BEGIN Dataset content

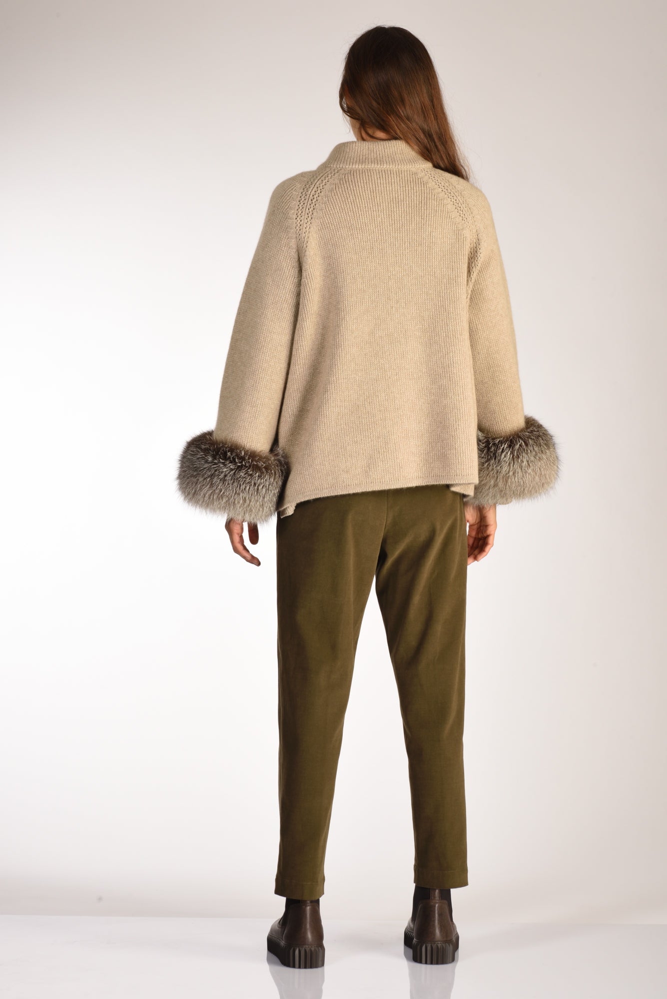 Giacca Collo Alla Coreana, Maniche Raglan Ampia Decorata Con Polsi In Pelliccia, Tasche Frontali Posizionate Diagonalmente, Chiusa Da Bottoni A Pressione Nascosti, Taglia Unica, Vestibilita' Relaxed, Composizione 100 Cachemire, Bordi In Volpe, Made In Italy
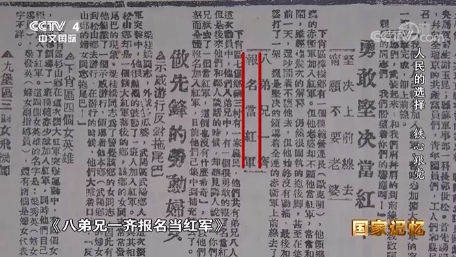 △1934年5月的《红色中华》报刊发了《八弟兄一齐报名当红军》的感人事迹
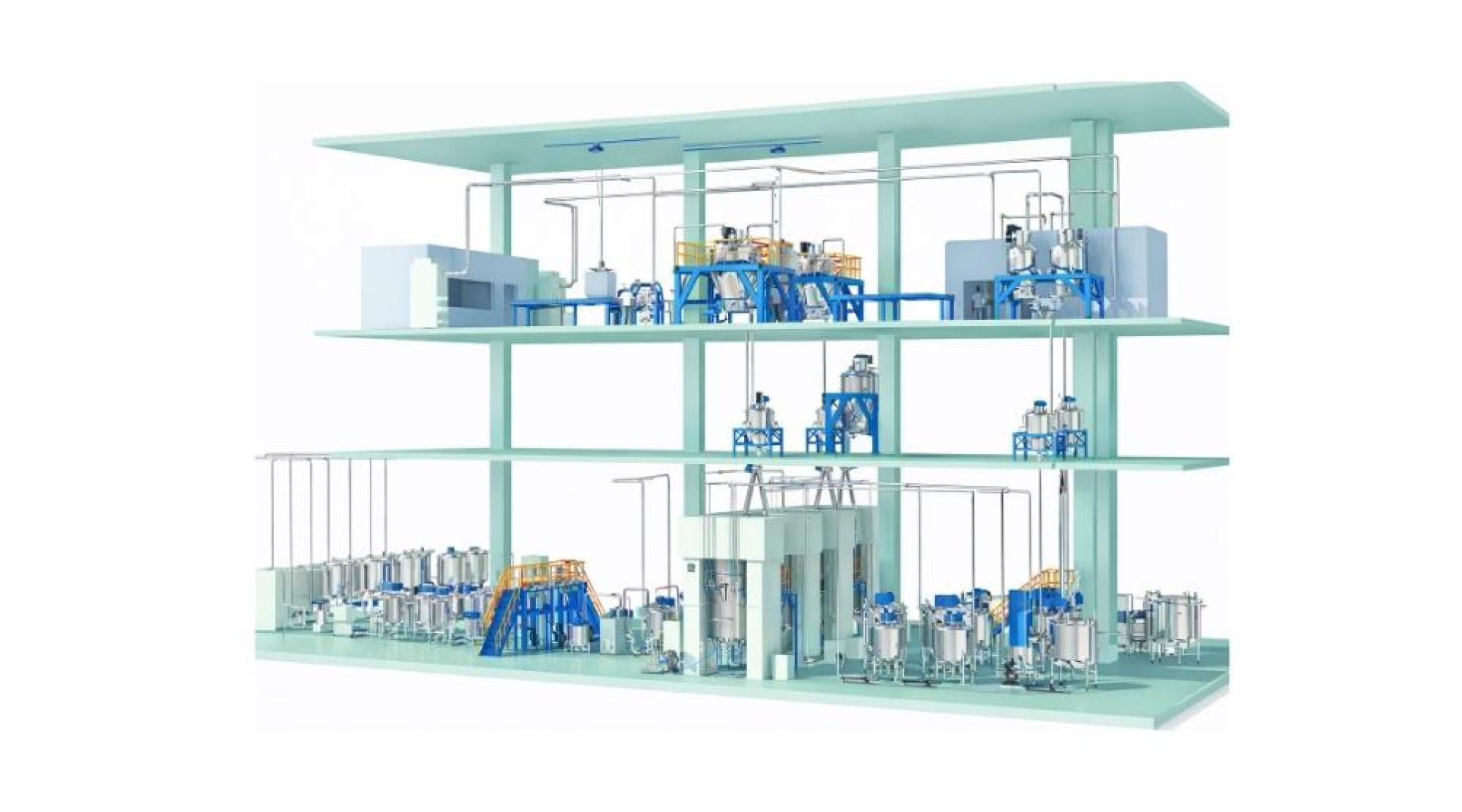 自動化生產系統 高能量密度電池 自動化生產系統 全方位驗證平台 乾法電極製程 客製化產品開發 自動化生產系統 鋰電池混料站採三層式結構,上層為原料投料、儲存與除塵系統,中層進行計量、輸送與暫存,下層配置混料機與出料設備,透過重力落料與垂直配置,減少輸送距離,提升效率、潔淨度與整體產線整合性。 粉體配送系統 提供拆包、儲存、計量至輸送的一站式粉體解決方案。整合真空與正壓輸送,並可依粉體物性進行模組化配置,有效降低粉塵外逸並提升製程穩定性。 液體配送系統 專為溶劑與液態添加劑設計,提供安全且高精度的輸送方案。系統整合多種泵浦、流量監測、過濾與除鐵單元,確保輸送過程的穩定性與潔淨度。 製漿系統 整合投料、混合與分散流程,支援從實驗到量產應用。可依配方需求配置雙行星攪拌、連續式製漿與高速分散設備,確保漿料均勻性與製程一致性。 粉塵管理系統 提供粉體製程的集塵與空間管理解決方案,透過集塵設備、局部吸塵與隔離設計,改善作業環境並符合環安法規。

END Dataset content

• **What you will do**
Give the data above again, exactly, with every picture removed.

• **Result for this exercise**
 Giacca Collo Alla Coreana, Maniche Raglan Ampia Decorata Con Polsi In Pelliccia, Tasche Frontali Posizionate Diagonalmente, Chiusa Da Bottoni A Pressione Nascosti, Taglia Unica, Vestibilita' Relaxed, Composizione 100 Cachemire, Bordi In Volpe, Made In Italy
 △1934年5月的《红色中华》报刊发了《八弟兄一齐报名当红军》的感人事迹
 自動化生產系統 高能量密度電池 自動化生產系統 全方位驗證平台 乾法電極製程 客製化產品開發 自動化生產系統 鋰電池混料站採三層式結構,上層為原料投料、儲存與除塵系統,中層進行計量、輸送與暫存,下層配置混料機與出料設備,透過重力落料與垂直配置,減少輸送距離,提升效率、潔淨度與整體產線整合性。 粉體配送系統 提供拆包、儲存、計量至輸送的一站式粉體解決方案。整合真空與正壓輸送,並可依粉體物性進行模組化配置,有效降低粉塵外逸並提升製程穩定性。 液體配送系統 專為溶劑與液態添加劑設計,提供安全且高精度的輸送方案。系統整合多種泵浦、流量監測、過濾與除鐵單元,確保輸送過程的穩定性與潔淨度。 製漿系統 整合投料、混合與分散流程,支援從實驗到量產應用。可依配方需求配置雙行星攪拌、連續式製漿與高速分散設備,確保漿料均勻性與製程一致性。 粉塵管理系統 提供粉體製程的集塵與空間管理解決方案,透過集塵設備、局部吸塵與隔離設計,改善作業環境並符合環安法規。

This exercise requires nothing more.